The similarity between the big accumulation-liquidation cycle and the previous cycle from March to July is remarkable in many details.
That does not necessarily mean that the next move will be of the same magnitude. But if that pattern holds we get a target of between $2,800 and $3,000 for the next leg up.
I would wait for this to unfold therefore and strongly advise that you not try to get ahead of it. Any successful trader would gladly give up the first ten percent of the next bull move to wait for confirmation to make sure, as Bernard Baruch used to say among others. The first level of key resistance is $1620.

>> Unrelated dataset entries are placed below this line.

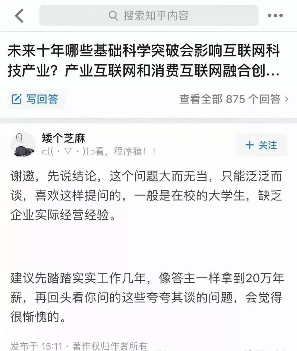 知友@矮个芝麻假装不识ponyma,凭借段子式回答“建议先踏踏实实工作几年,像答主一样拿到20万年薪,再回头看你问的这些夸夸其谈的问题,会觉得很惭愧的”,赢得近10万点赞,在众多答案中脱颖而出。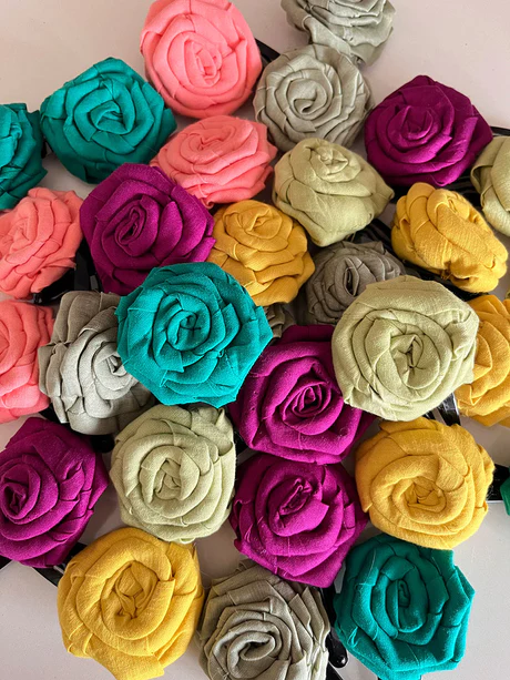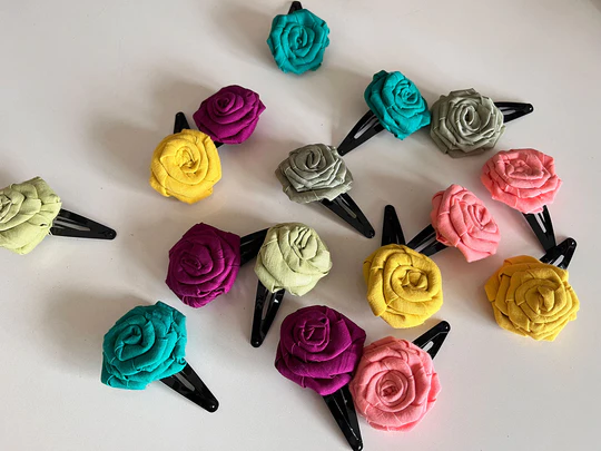 Up-cycled and handmade hair accessories made using 100% cotton and handwoven cotton silk fabric from our production excess. Made by Oh Scrap Madras in Chennai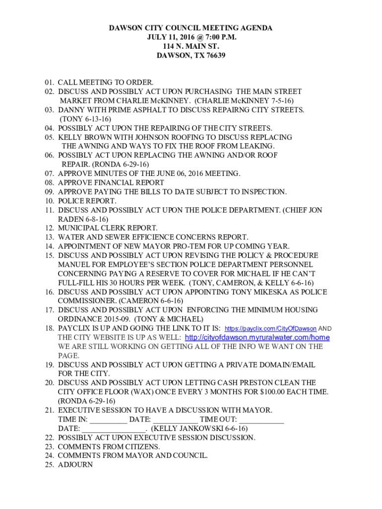 DAWSON CITY COUNCIL MEETING AGENDA JULY 11, 2016 @ 7:00 P.M. 114 N. MAIN ST. DAWSON, TX 7663901. CALL MEETING TO ORDER. 02. DISCUSS AND POSSIBLY ACT UPON PURCHASING THE MAIN STREET MARKET FROM CHARLIE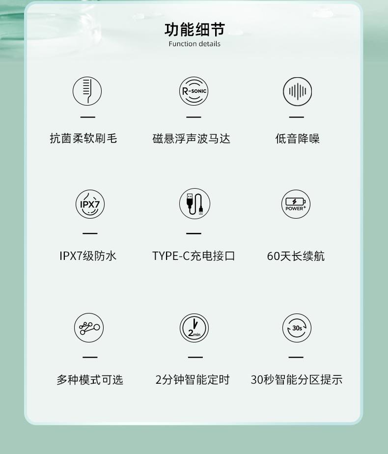 续航时间/次数 续航时间55-60天 (轻柔模式,每天2次,每次 2分钟)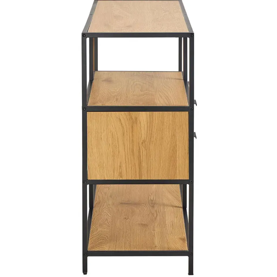 De Seaford boekenkast in natuurlijke kleur combineert stijlvol design met praktische functionaliteit. Deze boekenkast biedt twee ruime lades voor het opbergen van kleine spullen en drie open planken voor het opbergen of tentoonstellen van boeken, decoraties en persoonlijke bezittingen. De lichte houten structuur van de boekenkast in natuurlijke kleur samen met het eenvoudige metalen frame geeft een tijdloze en minimalistische uitstraling die perfect past bij zowel moderne als klassieke interieurs. De open plankenstructuur zorgt voor een luchtig gevoel in de kamer, terwijl er tegelijkertijd veel opbergruimte is.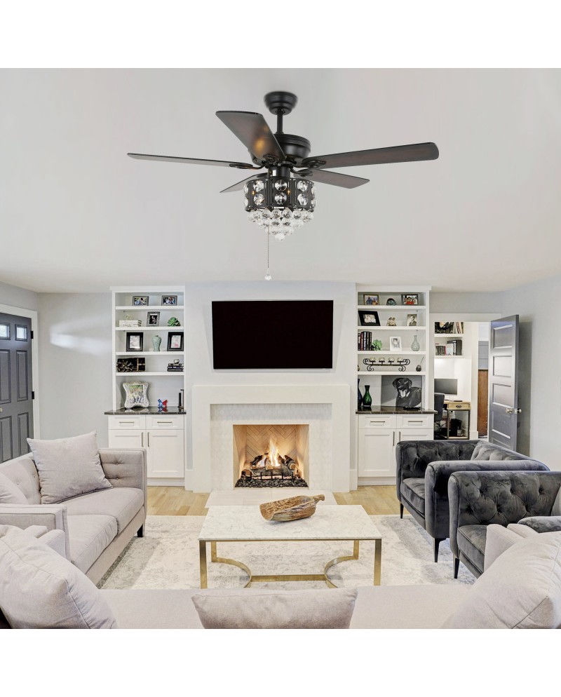 Create a stylish and sparkling room space with this crystal ceiling fan. Ceiling fans and lights can work separately or together. This ceiling fan light requires 3 E12 bulbs (not included) to light up your room and meet your lighting needs. Reversible fan blades keep the room cool in the summer and warm in the winter and enjoy the recycled air all year round. The almost silent motor runs smoothly, creating a comfortable and quiet sleeping environment. Make your space more gorgeous with this crystal ceiling fan light.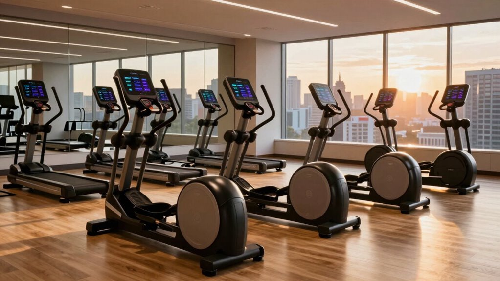 When selecting an elliptical machine, motion smoothness and noise levels are essential for a comfortable workout experience. A smooth motion depends on a high-quality, low-resistance flywheel and precise calibration of the drive system, ensuring fluid movement. Magnetic resistance systems generally operate more quietly than friction-based ones, often producing noise below 20 decibels, which is ideal for home use. The stride path and handlebar design also influence how natural and fluid your workout feels. Durable bearings and sliding rails made from high-precision materials reduce mechanical friction, boosting smoothness and minimizing noise. Proper assembly and regular maintenance—like tightening bolts and lubricating moving parts—are imperative for maintaining consistent motion and quiet operation over time.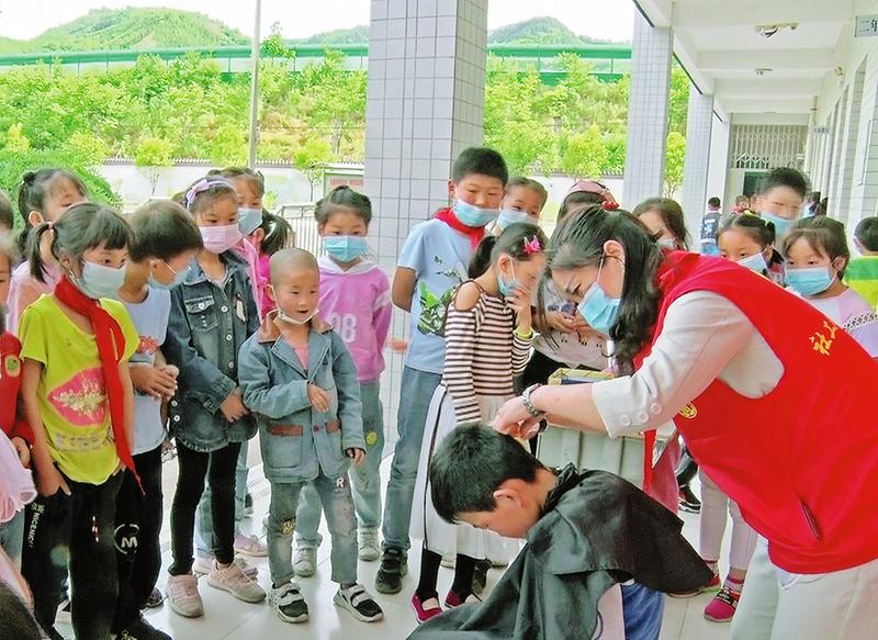 5月27日,市民政局、市慈善協(xié)會等5家單位組織職工在夜村鎮(zhèn)甘河小學舉行慶“六一”關愛兒童活動,向學生送去書包、乒乓球拍和籃球等價值4000多元的學習、體育用品,并為部分學生義務理發(fā)。(記者 王孝竹攝)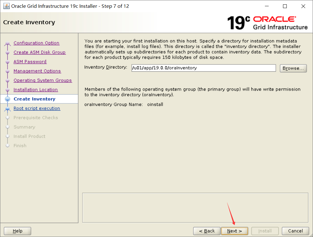 Changing groupname of /u01/app/19.0.0/oraInventory to oinstall.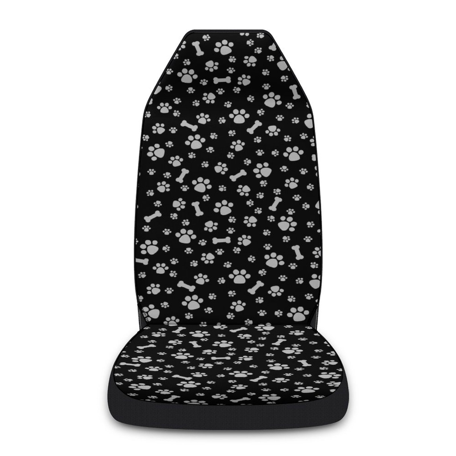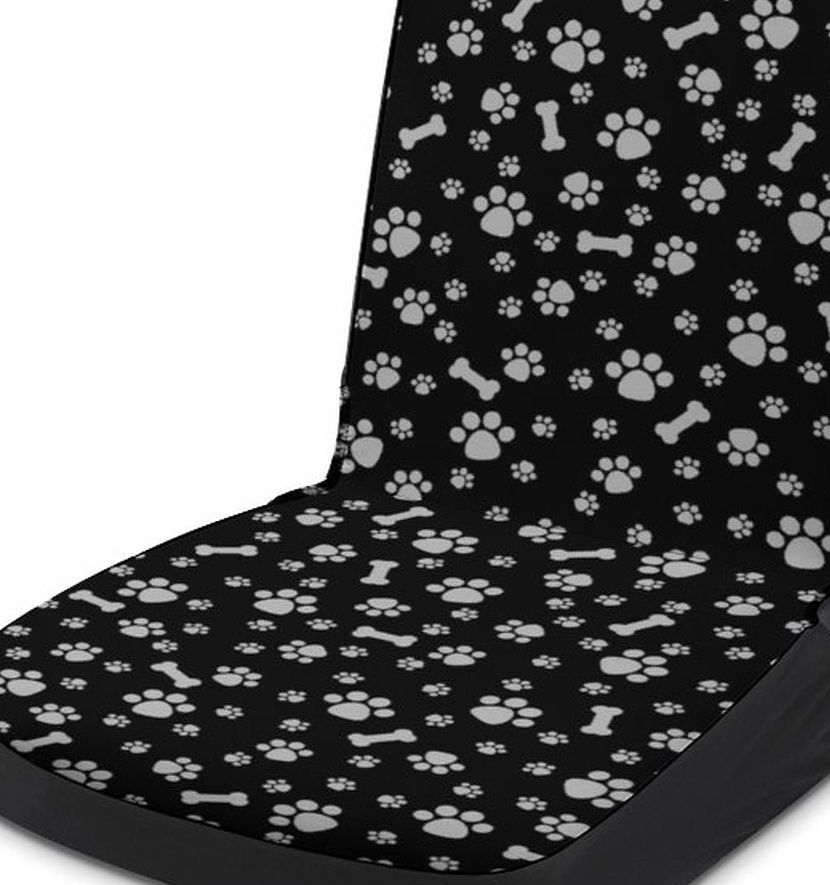 運転席用に設計されており、犬の足跡と骨のモチーフが全面に散りばめられた楽しいデザインが特徴です。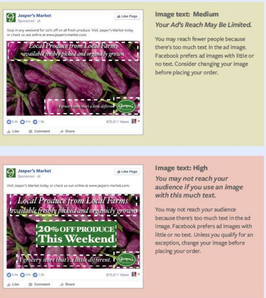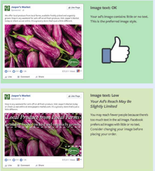 “To help advertisers achieve their business goals while providing people with an enjoyable experience on Facebook, we’ve had a policy limiting excessive text (more than 20%) on images in ads.” (Bron: Facebook Business Update)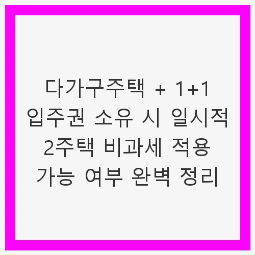 👉다가구주택 + 1+1 입주권 소유 시 일시적 2주택 비과세 적용 가능 여부 완벽 정리 알아보기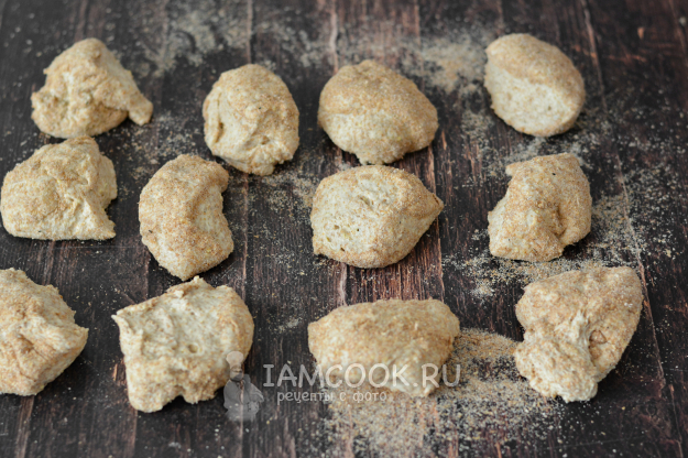 Подпылите поверхность отрубями и разделите тесто на небольшие кусочки.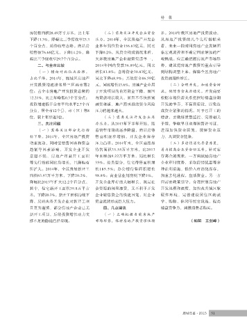 标下降。2014年,全区房地产投资 售面积逐步增加,开发企业库存 力,巩固资金链条。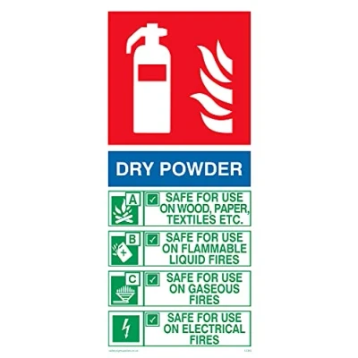 No Symbol This sign is made from vinyl / sticker ‘Air Release†vinyl makes it easy to stick to flat, clean surfaces without bubbles. Not for rough, plastic or dusty surfaces. 12 portrait Sign Text: Extinguisher contains dry powder instructions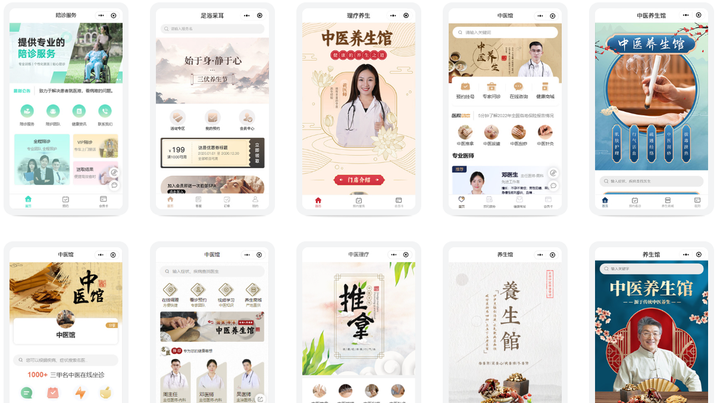 模板的设计会考虑中医养生的特点,配上简洁的药材插画或针灸图等元素,整体看起来素雅舒服,让人感觉放松。用户打开小程序,能感受到养生的氛围。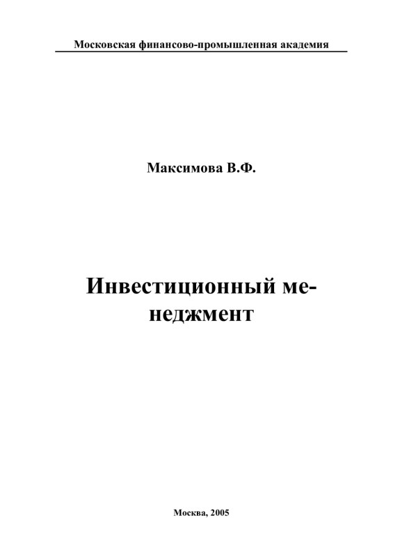 Максимова В. Ф. Инвестиционный менеджмент / Московская финансово-промышленная академия. – М., 2005. – 158 с.

Once the current decline is over and the positions have been liquidated, market participants will be sitting on their piles of paper in fear and trembling of what comes next. And 'what comes next' is the key variable. Will it be a continuation of this pattern, or a repetition of a series of formations in complete recycle?
That is hard to see now, and what might provoke it. Will it be a major quantitative easing in the dollar and euro, or a further liquidation and collapse in the banks and stock markets?
I would prefer a measured bull market move higher, but we must carefully observe and accommodate the changes in the structure of world currencies and the evolution of what we call 'money.'
This is a major engagement in what we have come to call The Currency Wars.